Well, the eagerly awaited and much anticipated results of the Supervisory Capital Assessment Program or the so-called “Stress Tests” have finally been made public. This is the exercise by the Treasury to review the books of the 19 largest US banks and determine whether they are adequately capitalized to withstand some assumptions about the deepening of the economic recession. A quick survey of the media reporting reveals comments such as the following regarding the impact of the “Stress Tests”:

“…bring relief to markets.”

“…show 10 Banks need $75 billion more in capital.”

“…lift cloud of uncertainty.”

Pure baloney! The deception is all but complete. This entire exercise represents the typical sort of nonsense pursued by the interventionist state. (I am making the distinction that Jay Nock made between government and state, where the latter has essentially moved beyond being a servant of the people and has become the master.) It perpetuates the fraud that state bureaucrats possess some sort of special knowledge about economic and business matters. They don’t. These are after all the same clowns who did such a bang-up job of detecting the housing “bubble,” which was essentially the result of state economic policies, and which led to the “subprime” mortgage crisis, the shaky foundation upon which the house of cards was constructed. They may not be the same individuals, but they wear the same official state clown suits. The political managers of these clowns, the state ringmasters and most of the media in the grandstands have created the illusion that the free-market highwire act collapsed into the state safety net.

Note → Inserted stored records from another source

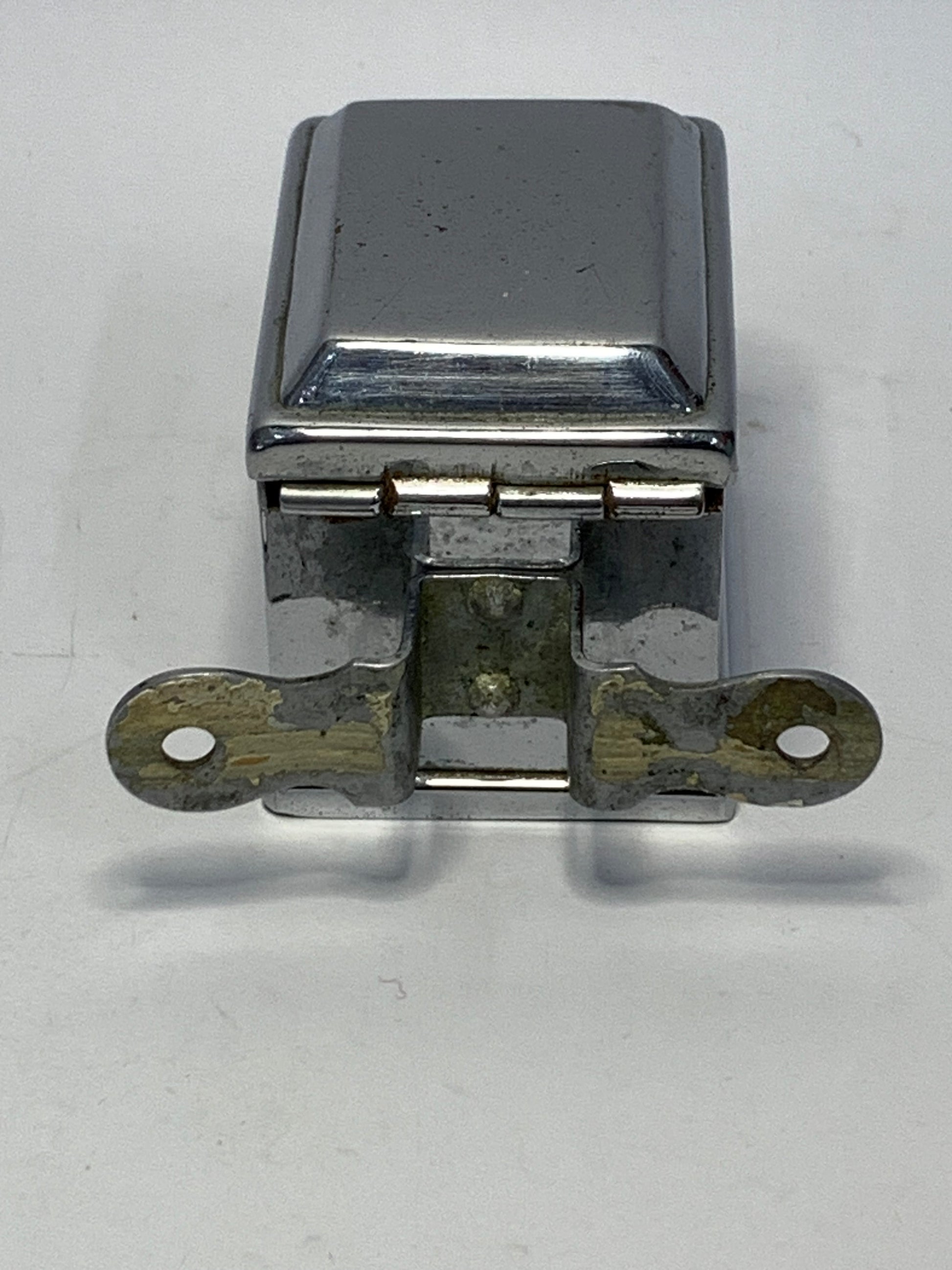 Condition: Shows age-appropriate wear with some surface scratches, minor patina, and oxidation on the mounting hardware. Chrome finish remains largely intact and shiny. Hinged lid functions properly. Interior shows honest use and aging.
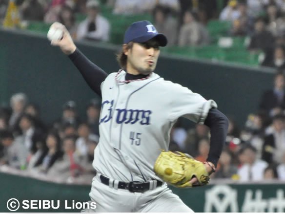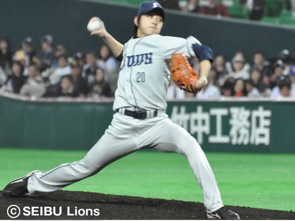 8番 柴原 左飛 フルカウントからアウトコース低めのスライダーを打ち上げさせ、フラフラと上がった打球はレフト・佐藤が落ち着いて捕球。投球と同時にスタートした1塁ランナー・李ボム浩はあわてて1塁に戻った。 |
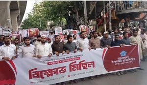 বুধবার বিকাল ৫ টায় ছাত্রশিবির, ঢাকা মহানগর পূর্ব শাখার উদ্যোগে বায়তুল মোকাররম জাতীয় মসজিদের উত্তর গেট থেকে এই বিক্ষোভ মিছিল বের হয়।
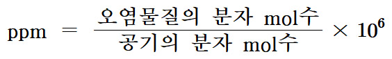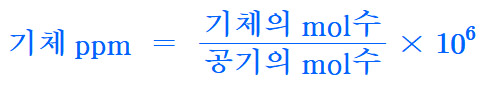 ppm = (오염물질의 mol수 / 공기의 mol수) × 10^6
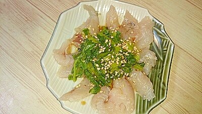 セイゴの刺身と大根の葉のごま醬油和え レシピ 作り方 By Happy Days 楽天レシピ
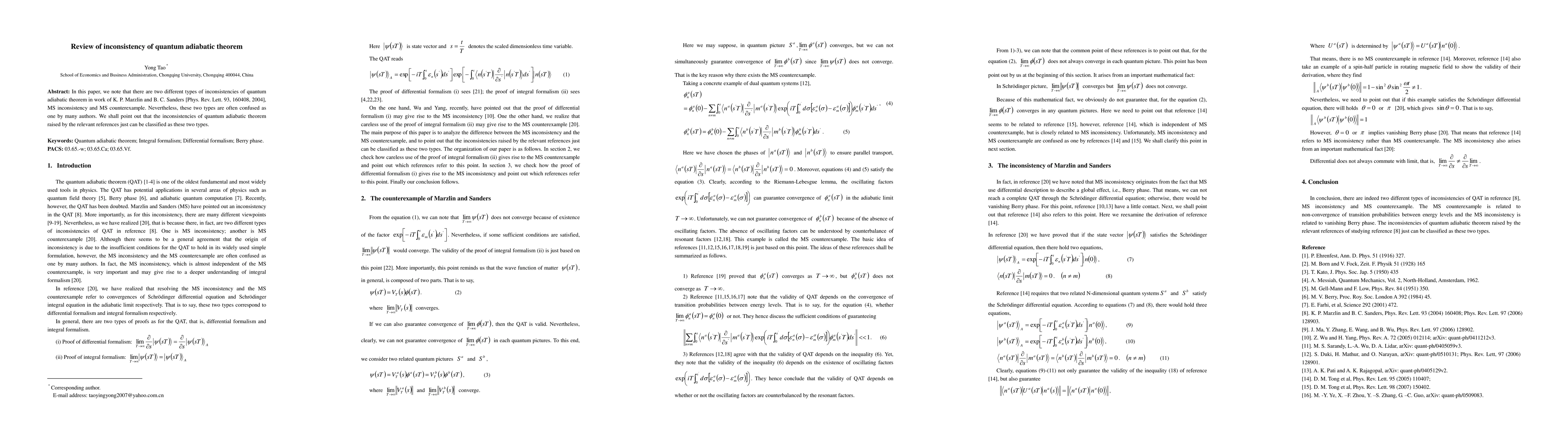 The paper clarifies the distinction between two types of inconsistencies in the quantum adiabatic theorem (QAT): MS inconsistency and MS counterexample, which are often conflated in previous works.
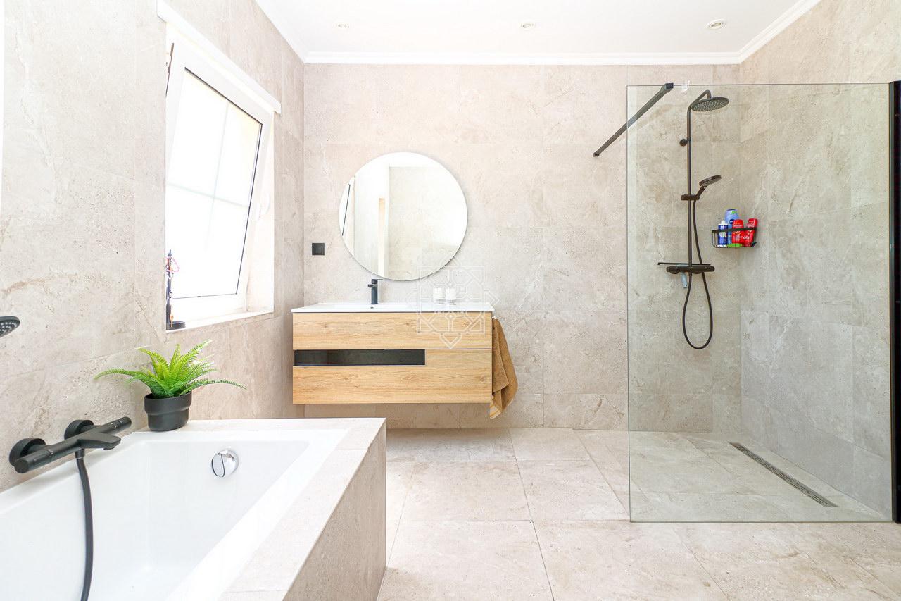 The villa welcomes you with a spacious entrance hall, leading to a living room with an open-plan dining area and a gas fireplace. The living space seamlessly flows to the outdoor terrace, offering picturesque views of the garden, pool, and golf course. The master bedroom features a walk-in wardrobe and a newly renovated ensuite with a bath and shower, while the other three double bedrooms each have their own ensuite bathroom. All bathrooms have underfloor heating, and the villa is fully air-conditioned.
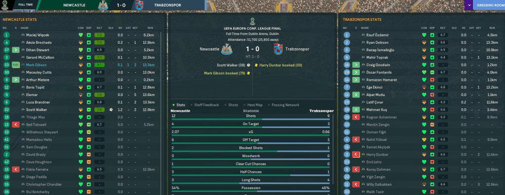 Trabzonspor started the game brightly as Dalbakken had a shot well pushed over after 90 seconds. They were wasteful again, racking up six shots inside half an hour while it took 35 minutes for Newcastle to have one and they obviously scored their first on target. Mahtal threw everything at it but his side just couldn’t find the breakthrough and they fell to a 1-0 defeat.

So these geniuses from Treasury have found that if the 19 largest banks were subject to a deeply worsening recession some of them may need more capital to survive. Guess what! So would some of the other 8,000 banks in the United States, not to mention the “losers” in state corporatism, the politically unconnected mostly living well outside the DC beltway. Who is going to address their capital requirements? They are themselves going to do it. They are trying to save their money right now so there will be a source for capital and investment in the future. Meanwhile, the stupid Keynesians are encouraging them to spend, spend and spend some more to get the economy moving. Since they have not shown much inclination to fall for that particular fraud, the Keynesian penchant for “… exercising directive intelligence through some appropriate organ of action” will do it for them. So the state continues to spend, borrow, tax and inflate thereby destroying capital by showing a preference for consumption over saving. “Money for nothing.”

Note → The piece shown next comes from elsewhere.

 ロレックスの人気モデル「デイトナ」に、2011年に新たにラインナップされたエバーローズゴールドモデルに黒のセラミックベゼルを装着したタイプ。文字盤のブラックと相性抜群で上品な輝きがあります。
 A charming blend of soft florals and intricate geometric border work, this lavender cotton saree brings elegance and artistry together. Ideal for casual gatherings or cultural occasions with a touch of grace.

The state has regulated the US banking system since the founding. Controlling the banking system is the most effective way of controlling the people. As all statists eventually figure out, by controlling the currency as well they can eventually, silently and gradually take all wealth from the productive. With a preference for current consumption and a limited life span the political elite in such an economy reveal practical contempt for morality. They don’t really care about thinking long-range.

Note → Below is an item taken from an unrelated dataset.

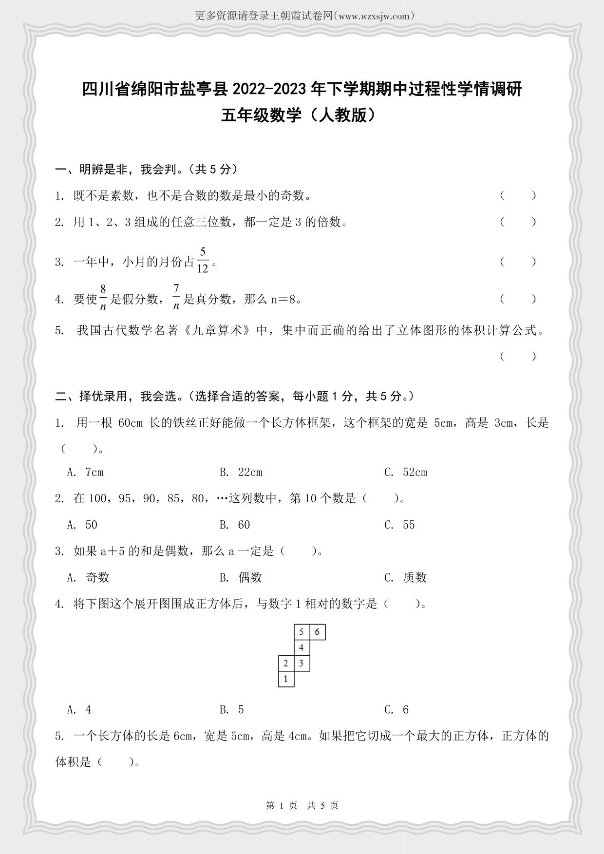 四川省绵阳市盐亭县2022-2023学年下学期期中过程性学情调研五年级数学(人教版)

Most people cannot even conceive of a private banking system in which banks issue their own currency, set their own capital requirements and reserves, establish branches wherever they deem necessary and make their own clearing arrangements. Yet something close to that did exist historically, though not in the United States. The Canadian banking system was originally far less regulated than that of the US. It speaks volumes that while thousands of banks failed during the Great Depression in the US not a single bank failure occurred in Canada. Even today, the Canadian banks, though much more heavily regulated now than they once were, still exhibit far more of the much vaunted “stability” that the Keynesian inspired regulators seek to impose on the “unstable” free market.